Output word for word the lines from the one with "काजोल ने आज" to the final line of the data, both ends included, but skip the pictures.

The data:
★ ★ ★ ★

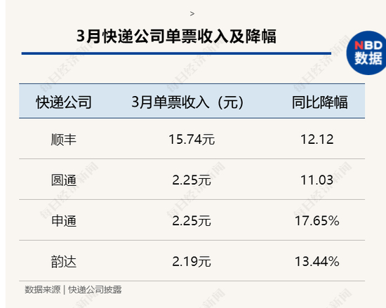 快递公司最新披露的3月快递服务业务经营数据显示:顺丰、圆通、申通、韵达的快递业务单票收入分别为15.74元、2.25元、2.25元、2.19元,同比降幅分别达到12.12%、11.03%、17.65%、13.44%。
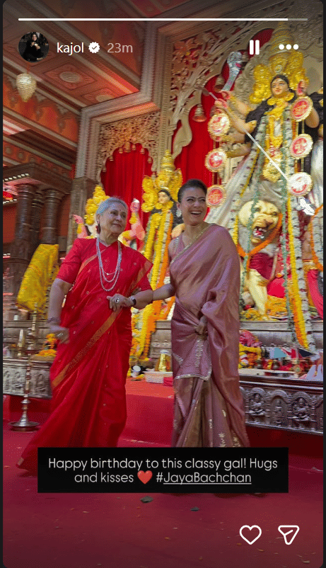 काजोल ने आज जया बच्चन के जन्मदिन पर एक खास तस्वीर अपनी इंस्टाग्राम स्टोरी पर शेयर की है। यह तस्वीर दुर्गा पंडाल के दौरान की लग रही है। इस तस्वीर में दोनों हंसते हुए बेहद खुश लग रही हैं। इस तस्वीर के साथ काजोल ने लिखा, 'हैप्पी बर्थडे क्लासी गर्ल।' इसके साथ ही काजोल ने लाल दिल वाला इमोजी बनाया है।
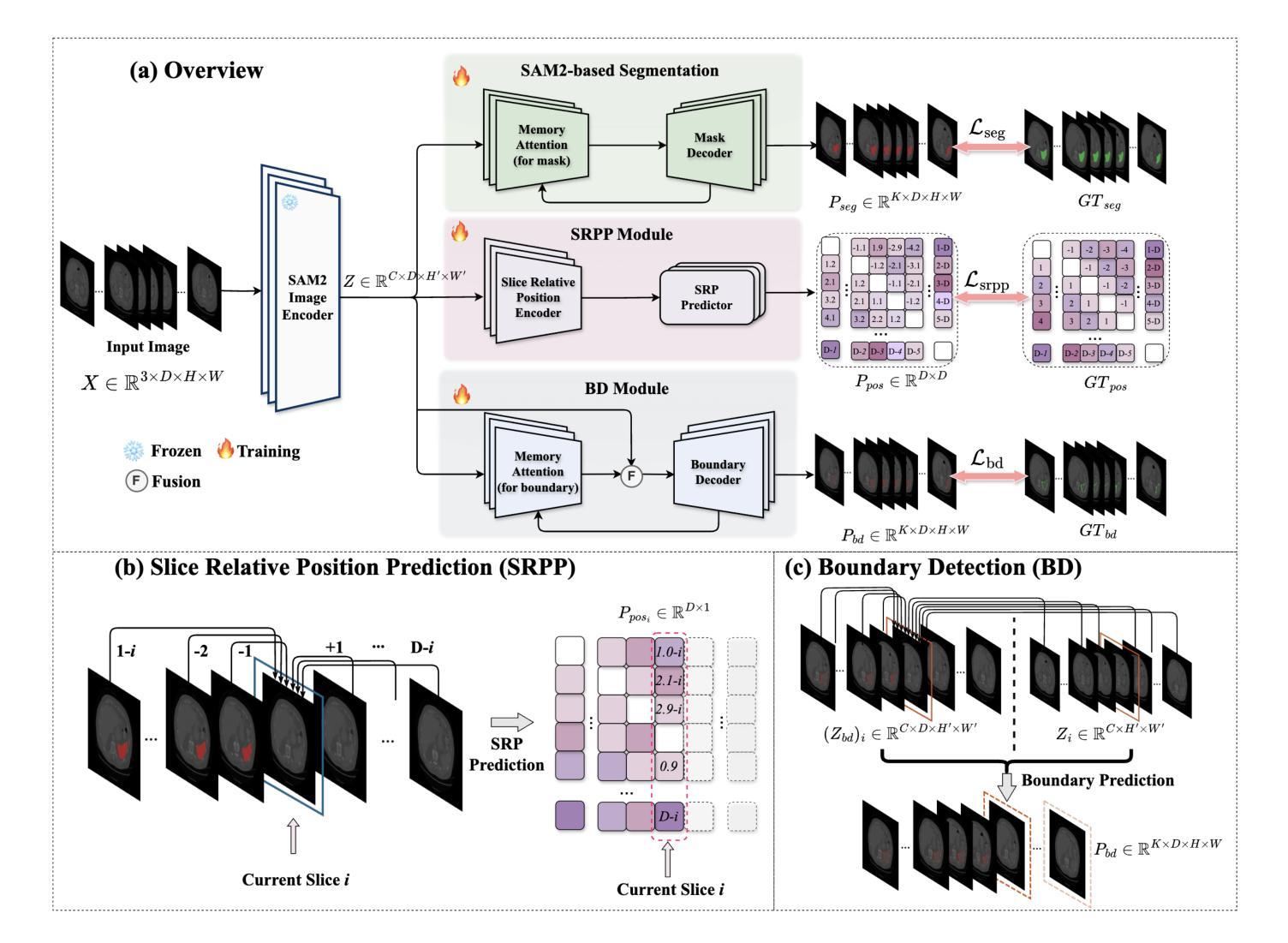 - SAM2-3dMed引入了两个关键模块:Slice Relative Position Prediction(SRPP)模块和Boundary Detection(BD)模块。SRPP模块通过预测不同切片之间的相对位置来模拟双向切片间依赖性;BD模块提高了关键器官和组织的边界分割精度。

★ ★ ★ ★

Task result:
 काजोल ने आज जया बच्चन के जन्मदिन पर एक खास तस्वीर अपनी इंस्टाग्राम स्टोरी पर शेयर की है। यह तस्वीर दुर्गा पंडाल के दौरान की लग रही है। इस तस्वीर में दोनों हंसते हुए बेहद खुश लग रही हैं। इस तस्वीर के साथ काजोल ने लिखा, 'हैप्पी बर्थडे क्लासी गर्ल।' इसके साथ ही काजोल ने लाल दिल वाला इमोजी बनाया है।
 - SAM2-3dMed引入了两个关键模块:Slice Relative Position Prediction(SRPP)模块和Boundary Detection(BD)模块。SRPP模块通过预测不同切片之间的相对位置来模拟双向切片间依赖性;BD模块提高了关键器官和组织的边界分割精度。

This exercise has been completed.